Ahmed Hassanein

No. 99 – Detroit Lions
- Position: Defensive end
- Roster status: Active

Personal information
- Born: July 9, 2002 (age 24) Anaheim, California, U.S.
- Listed height: 6 ft 2 in (1.88 m)
- Listed weight: 275 lb (125 kg)

Career information
- High school: Loara (Anaheim)
- College: Boise State (2021–2024)
- NFL draft: 2025: 6th round, 196th overall pick

Career history
- Detroit Lions (2025–present);

Awards and highlights
- 2× First-team All-MW (2023, 2024);
- Stats at Pro Football Reference

= Ahmed Hassanein (American football) =

American football player (born 2002)

Ahmed Hassanein (born July 9, 2002) is an Egyptian-American professional football defensive end for the Detroit Lions of the National Football League (NFL). He played college football for the Boise State Broncos and was selected by the Detroit Lions in the sixth round of the 2025 NFL draft.

==Early life==
Hassanein was born in the United States and moved to Egypt at age six to live with his father in Cairo, where he participated in CrossFit, wrestling, boxing, and swimming. In 2018, he moved to Anaheim, California, to live with his brother, a football coach who convinced him to try the sport. "My brother saved me,” Hassanein later said. "I was in Egypt acting one way and my life and personality changed. I’ve been grinding and working. I’m blessed."

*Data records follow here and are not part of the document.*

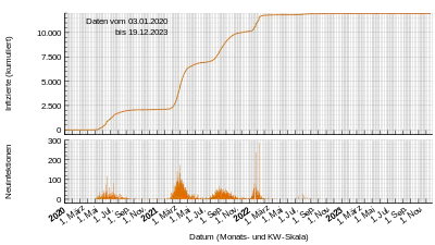 La pandémie de Covid-19 est une crise sanitaire majeure provoquée par une maladie infectieuse émergente apparue fin 2019 en Chine continentale, la maladie à coronavirus 2019, dont l'agent pathogène est le SARS-CoV-2. Ce virus est à l'origine d'une pandémie[note 1], déclarée le par l'Organisation mondiale de la santé.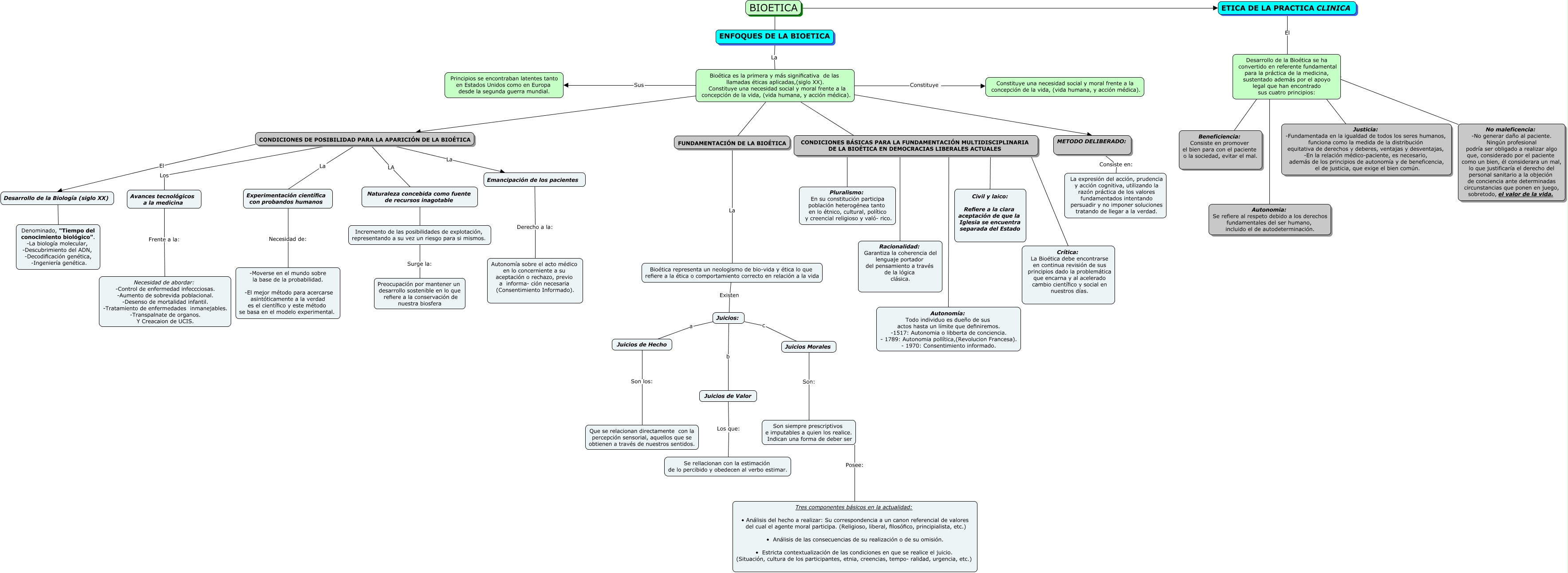 Este Cmap, tiene información relacionada con: MAPA CONCEPTUAL DE LOS ENFOQUES DE LA BIOETICA_FREDDY ESPAÑA, Incremento de las posibilidades de explotación, representando a su vez un riesgo para si mismos. Surge la: Preocupación por mantener un desarrollo sostenible en lo que refiere a la conservación de nuestra biosfera, Bioética es la primera y más significativa de las llamadas éticas aplicadas,(siglo XX). Constituye una necesidad social y moral frente a la concepción de la vida, (vida humana, y acción médica). ???? METODO DELIBERADO:, ETICA DE LA PRACTICA CLINICA El Desarrollo de la Bioética se ha convertido en referente fundamental para la práctica de la medicina, sustentado además por el apoyo legal que han encontrado sus cuatro principios:, CONDICIONES BÁSICAS PARA LA FUNDAMENTACIÓN MULTIDISCIPLINARIA DE LA BIOÉTICA EN DEMOCRACIAS LIBERALES ACTUALES ???? Pluralismo: En su constitución participa población heterogénea tanto en lo étnico, cultural, político y creencial religioso y való- rico., Bioética es la primera y más significativa de las llamadas éticas aplicadas,(siglo XX). Constituye una necesidad social y moral frente a la concepción de la vida, (vida humana, y acción médica). Sus Principios se encontraban latentes tanto en Estados Unidos como en Europa desde la segunda guerra mundial., Experimentación científica con probandos humanos Necesidad de: -Moverse en el mundo sobre la base de la probabilidad. -El mejor método para acercarse asintóticamente a la verdad es el científico y este método se basa en el modelo experimental., CONDICIONES BÁSICAS PARA LA FUNDAMENTACIÓN MULTIDISCIPLINARIA DE LA BIOÉTICA EN DEMOCRACIAS LIBERALES ACTUALES ???? Civil y laico: Refiere a la clara aceptación de que la Iglesia se encuentra separada del Estado, CONDICIONES DE POSIBILIDAD PARA LA APARICIÓN DE LA BIOÉTICA La Emancipación de los pacientes, Juicios: b Juicios de Valor, Juicios: a Juicios de Hecho, Desarrollo de la Bioética se ha convertido en referente fundamental para la práctica de la medicina, sustentado además por el apoyo legal que han encontrado sus cuatro principios: ???? No maleficencia: -No generar daño al paciente. Ningún profesional podría ser obligado a realizar algo que, considerado por el paciente como un bien, él considerara un mal, lo que justificaría el derecho del personal sanitario a la objeción de conciencia ante determinadas circunstancias que ponen en juego, sobretodo, el valor de la vida., CONDICIONES DE POSIBILIDAD PARA LA APARICIÓN DE LA BIOÉTICA Los Avances tecnológicos a la medicina, CONDICIONES DE POSIBILIDAD PARA LA APARICIÓN DE LA BIOÉTICA La Experimentación científica con probandos humanos, Bioética es la primera y más significativa de las llamadas éticas aplicadas,(siglo XX). Constituye una necesidad social y moral frente a la concepción de la vida, (vida humana, y acción médica). ???? FUNDAMENTACIÓN DE LA BIOÉTICA, Desarrollo de la Bioética se ha convertido en referente fundamental para la práctica de la medicina, sustentado además por el apoyo legal que han encontrado sus cuatro principios: ???? Autonomia: Se refiere al respeto debido a los derechos fundamentales del ser humano, incluido el de autodeterminación., Emancipación de los pacientes Derecho a la: Autonomía sobre el acto médico en lo concerniente a su aceptación o rechazo, previo a informa- ción necesaria (Consentimiento Informado)., METODO DELIBERADO: Consiste en: La expresión del acción, prudencia y acción cognitiva, utilizando la razón práctica de los valores fundamentados intentando persuadir y no imponer soluciones tratando de llegar a la verdad., Bioética es la primera y más significativa de las llamadas éticas aplicadas,(siglo XX). Constituye una necesidad social y moral frente a la concepción de la vida, (vida humana, y acción médica). ???? CONDICIONES BÁSICAS PARA LA FUNDAMENTACIÓN MULTIDISCIPLINARIA DE LA BIOÉTICA EN DEMOCRACIAS LIBERALES ACTUALES, ENFOQUES DE LA BIOETICA La Bioética es la primera y más significativa de las llamadas éticas aplicadas,(siglo XX). Constituye una necesidad social y moral frente a la concepción de la vida, (vida humana, y acción médica)., CONDICIONES DE POSIBILIDAD PARA LA APARICIÓN DE LA BIOÉTICA El Desarrollo de la Biología (siglo XX)
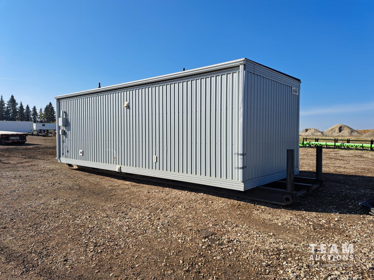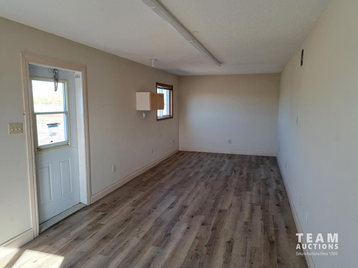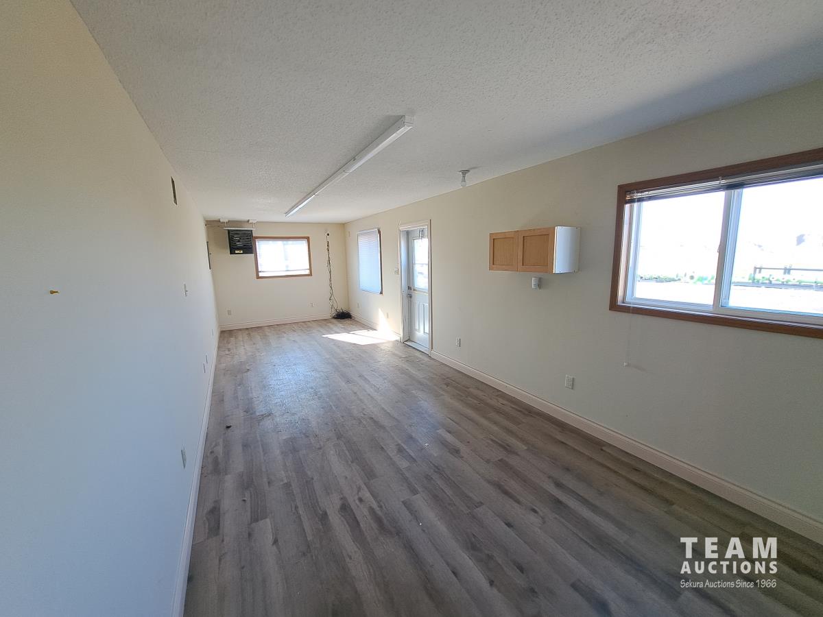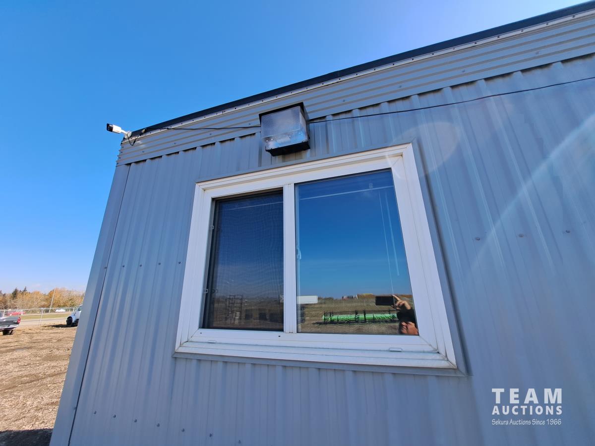 Sloped roof, eaves troughs, metal siding, 6.5 inch x 12 inch skid beams, 1 door, 3 windows, exterior electrical outlets, exterior lights, open floor plan, recently refurbished with new flooring, paint and stipple, comes with large roll of 5 wire cable for rig up.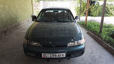 Mazda 626 (седан), красный цвет, киргизские номера. Кузов: - 4 двери, классический седан. - Передняя оптика прямоугольная, пластиковые бамперы. - Легкосплавные/штампованные диски с декоративными к...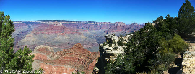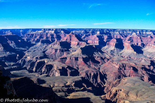 As you may note in the photo above, the canyon is not one single gorge, but a myriad of gorges etched out of the landscape over the centuries by the Colorado River and her tributaries along the canyon’s 275 mile (442 km) length. On our trip, we visited the South Rim, easily the most popular and easiest to visit portion of the national park. Though the north rim of the park is only ten miles (16 km) as the crow flies, the closest path is a 21 mile (34 km) hike across the canyon along the North and South Kaibib trails. For most people, this is an overnight trek. A foot bridge along the trail crosses the river about 70 feet (21 m) above the water surface.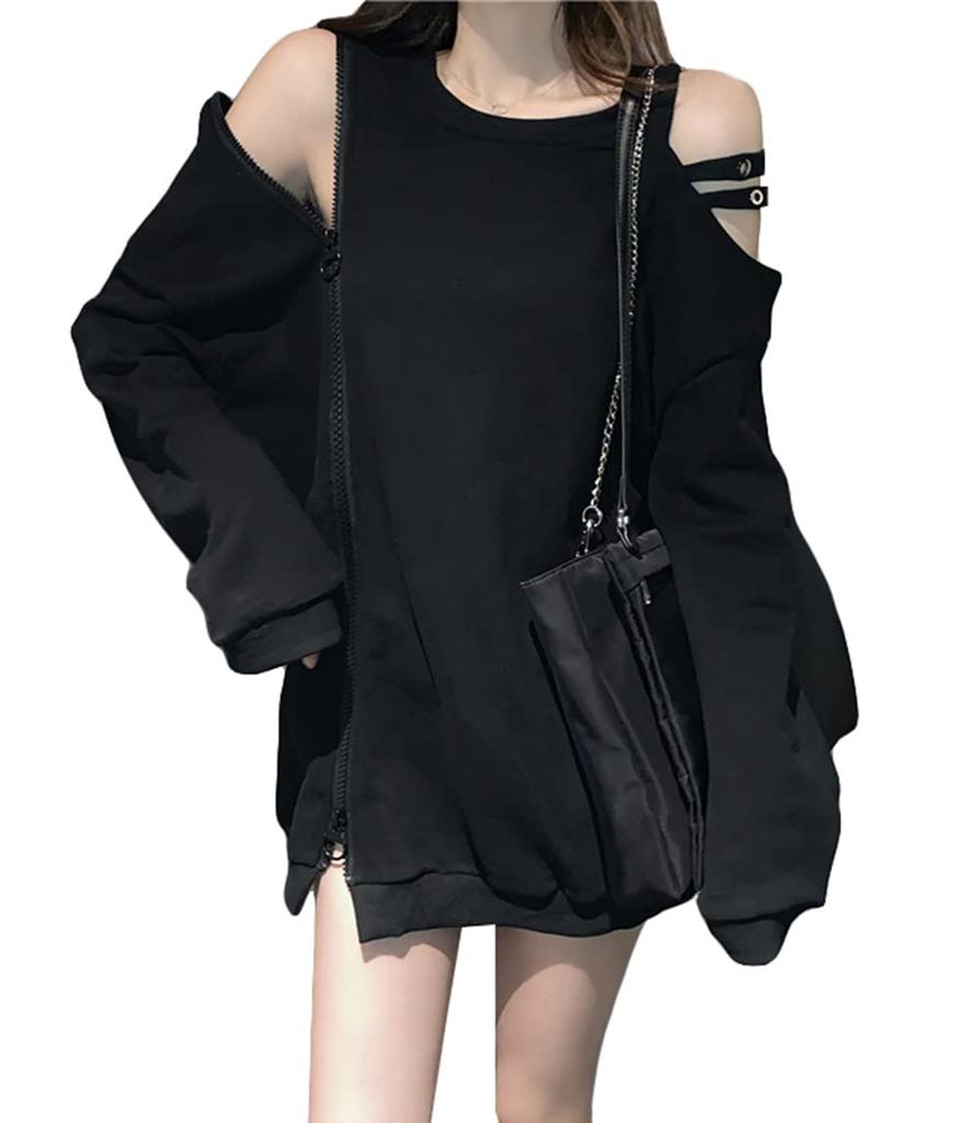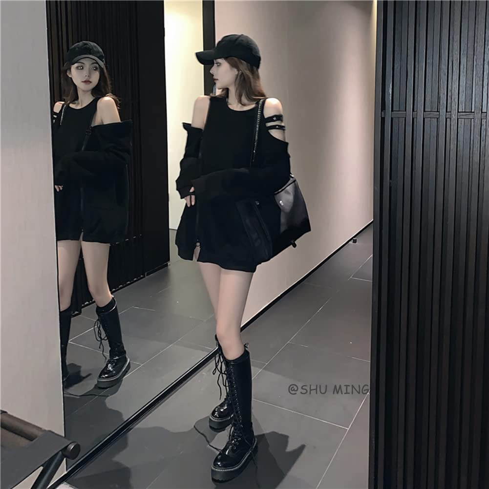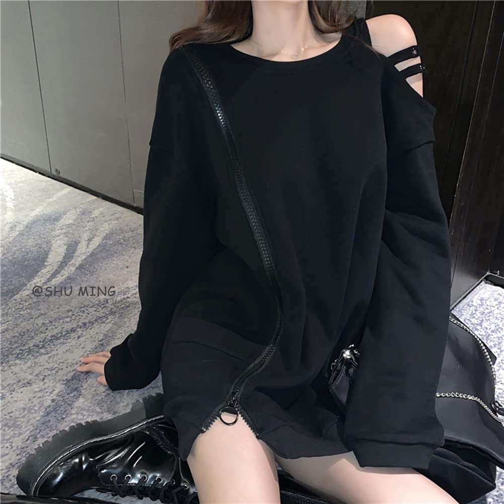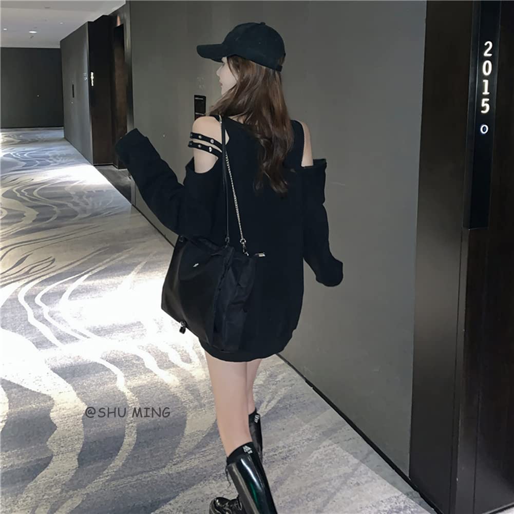 Худи женское ShuMing с длинным рукавом, свободное, уличное, корейское, пуловер, с открытыми плечами, облегающее, простое, черное, стильное, стильное, (Свободный размер, черный)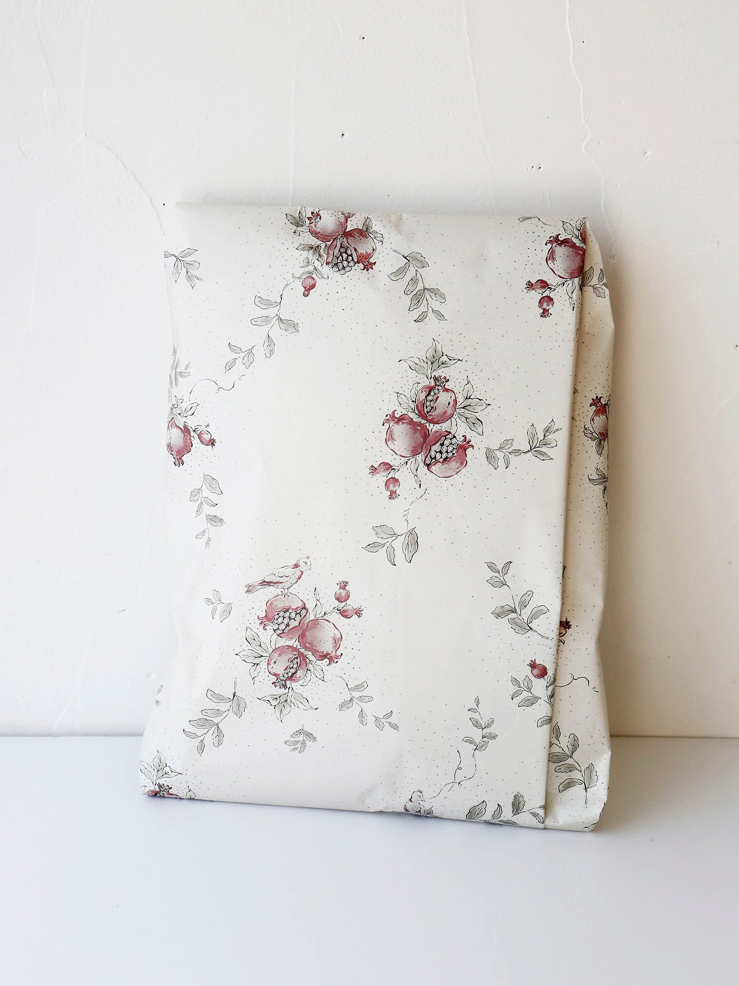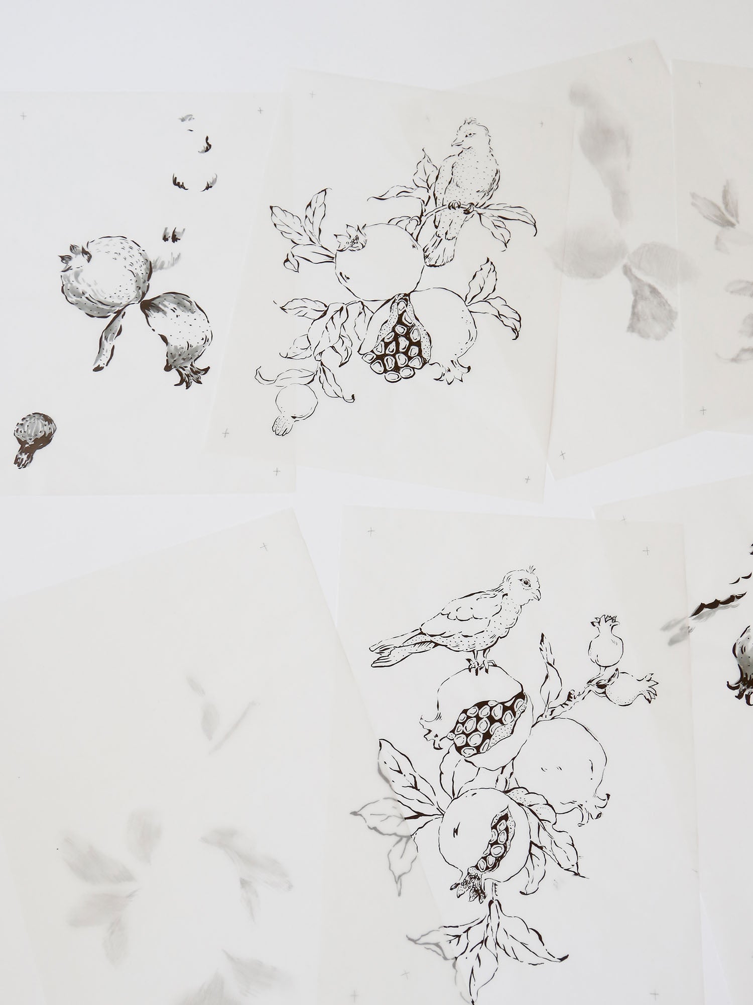《柘榴》は、色ごとに原画を分け、一枚ずつ筆で手描きしたものを重ね合せて描いています。手描きならではの風合いや揺らぎを大切にしながら、水彩のようなやわらかな色使いで仕上げました。
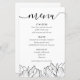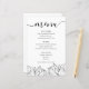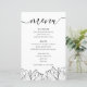 Gästerna kommer att leva den här enkla, moderna och elegant menymallen. Mörk grått-typografi på vit bakgrund med enkel blommigt i grund. Enkel att anpassa med din unika information..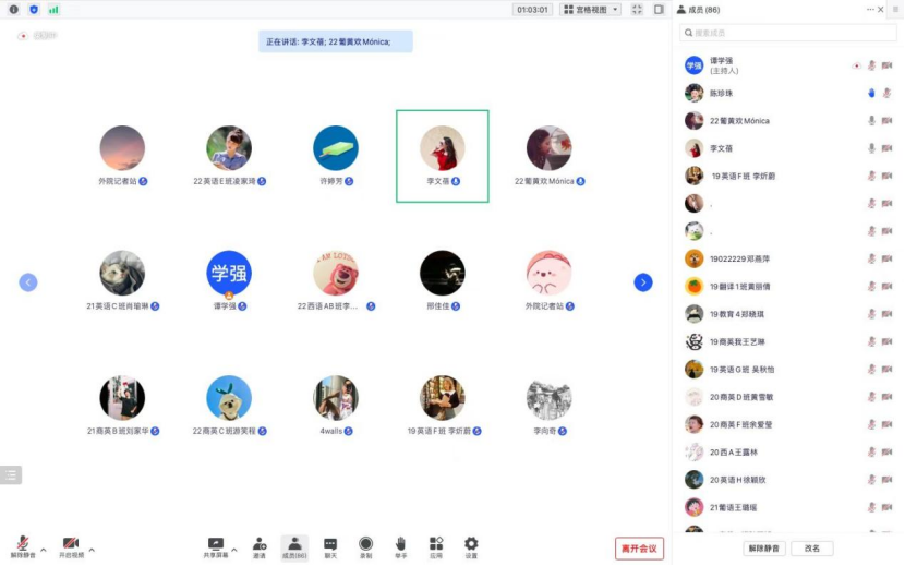 紧接着,各级各班的学生代表积极反馈同学们在学习、生活上遇到的问题,如:校园环境、线上课堂学习、学校疫情封控、学习与社团活动、专业课学习、专业四级备考等方面的问题,学院领导、专业主任及老师们都认真倾听学生们的发言并给予了相应的解答。会议上,李文蓓院助也鼓励同学们积极与老师及辅导员沟通,及时解决学习和生活上的问题。而其他未能在会议现场解答的问题将统一汇总向学校反映情况。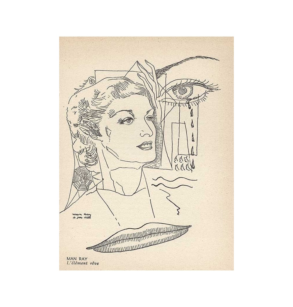 Drawing illustrating a text by Paul Eluard: I dream that I don't sleeppublished in Septième Cahiers GLM - March 1938, p.87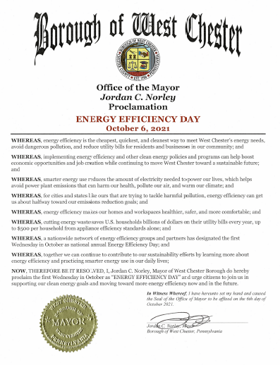 • We celebrated National Energy Efficiency Day with a workshop on Efficiency First! and with declarations from Congresswoman Chrissy Houlahan, the Chester County Commissioners, West Chester Mayor Jordan Norley, and the state legislature. (West Chester proclamation to the left; download County proclamation here.)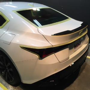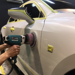 このようにNOJはどのおクルマに対しても研磨を施しますので、磨けないパーツの保護や塗装パネルの角の保護、隙間に研磨粉が入らないようにマスキング処置を行ないます。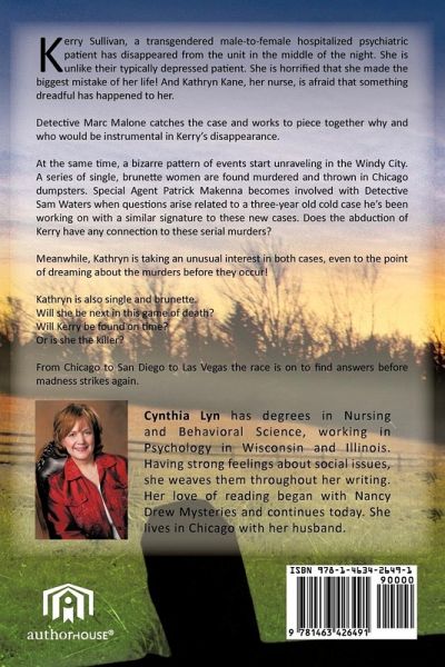 Kerry Sullivan, a transgendered male-to-female hospitalized psychiatric patient has disappeared from the unit in the middle of the night. She is unlike the nurse's typical depressed patient. She is horrified that she made the biggest mistake of her life! And Kathryn Kane, her nurse, is afraid that something dreadful has happened to her. Detective Marc Malone catches the case and works to piece together why and who would be instrumental in Kerry's disappearance. At the same time, a bizarre pattern of events start unraveling in the Windy City. A series of single, brunette women are found murdered and thrown in Chicago dumpsters. Special Agent Patrick Makenna becomes involved with Detective Sam Waters when questions arise related to a three-year old cold case he's been working on with a similar signature to these new cases. Does the abduction of Kerry have any connection to these serial murders? Meanwhile, Kathryn is taking an unusual interest in both cases, even to the point of dreaming about the murders before they occur! Kathryn is also single and brunette. Will she be next in this game of death? Will Kerry be found on time? Or is she the killer? From Chicago to San Diego to Las Vegas the race is on to find answers before madness strikes again.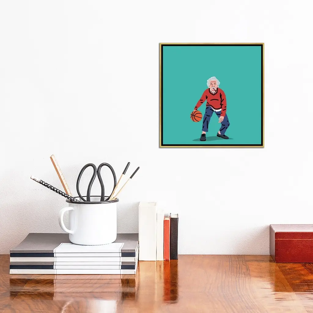Icanvas "Balling Einstein" By Elad Shagrir Framed Canvas Print - Gold - 18x18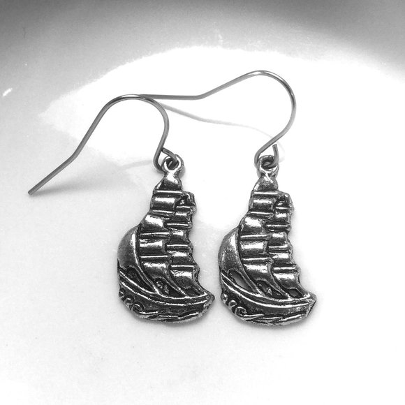 Miniature Galleon Ship Pirate Ship Ocean Sea Boat Gift Charm Earrings

Hassanein attended Loara High School in Anaheim, where he was rated a three-star recruit. On December 16, 2020, he signed a National Letter of Intent to play college football for the Boise State Broncos.

==College career==
In his first two collegiate seasons in 2021 and 2022, Hassanein appeared in 21 games and notched 18 tackles with two being for a loss, two sacks, and a forced fumble. He had a breakout season in 2023, notching 53 tackles with 17 being for a loss, 12.5 sacks, and two forced fumbles for the Broncos. Hassanein was named first-team All-Mountain West Conference for 2023. Heading into the 2024 season, he was named one of the Broncos team captains. In week two of the 2024 season, Hassanein tallied a sack against Oregon. In his final collegiate game, the 2024 Fiesta Bowl in the quarterfinals of the College Football Playoffs, Hassanein made a sack and six tackles (three for loss). He finished the year with 48 total tackles, 16 tackles for loss, and 9.5 sacks, and was named first-team All-Mountain West Conference again for his senior season. On January 6, 2025, Hassanein declared for the 2025 NFL draft.

===College statistics===

| Year | Team | Games |  | Tackles |  |  |  | Fumbles |  |  |  | Interceptions |  |  |  |
| GP | Cmb | Solo | Ast | TFL | Sck | FF | FR | Yds | TD | Int | Yds | TD | PD |
| 2021 | Boise State | 9 | 5 | 4 | 1 | 0 | 0.0 | 0 | 0 | 0 | 0 | 0 | 0 | 0 | 0 |
| 2022 | Boise State | 12 | 13 | 7 | 6 | 2 | 2.0 | 1 | 0 | 0 | 0 | 0 | 0 | 0 | 0 |
| 2023 | Boise State | 14 | 53 | 30 | 23 | 17 | 12.5 | 2 | 0 | 0 | 0 | 0 | 0 | 0 | 0 |
| 2024 | Boise State | 14 | 48 | 28 | 20 | 16 | 9.5 | 0 | 1 | 0 | 0 | 0 | 0 | 0 | 0 |
| Career |  | 49 | 119 | 69 | 50 | 35 | 24.0 | 3 | 1 | 0 | 0 | 0 | 0 | 0 | 0 |

==Professional career==

Hassanein was selected 196th overall in the sixth round of the 2025 NFL draft by the Detroit Lions. He was waived with an injury settlement on August 26. Hassanein was re-signed to the practice squad on November 10. He signed a reserve/future contract with Detroit on January 5, 2026.

Pre-draft measurables
| Height | Weight | Arm length | Hand span | Wingspan | 40-yard dash | 10-yard split | 20-yard split | 20-yard shuttle | Three-cone drill | Vertical jump | Broad jump | Bench press |
| 6 ft 2+3⁄8 in (1.89 m) | 267 lb (121 kg) | 32+1⁄4 in (0.82 m) | 9 in (0.23 m) | 6 ft 6+3⁄4 in (2.00 m) | 4.77 s | 1.70 s | 2.80 s | 4.48 s | 7.19 s | 32.5 in (0.83 m) | 9 ft 5 in (2.87 m) | 32 reps |
All values from NFL Combine/Pro Day

== Personal life ==
Hassanein converted from Islam to Christianity while attending Boise State University. He has credited his coach, Spencer Danielson, with introducing him to the faith. Hassanein's sister is activist and journalist Gigi Ibrahim.

Hassanein is the first player of Egyptian heritage ever selected in the NFL draft.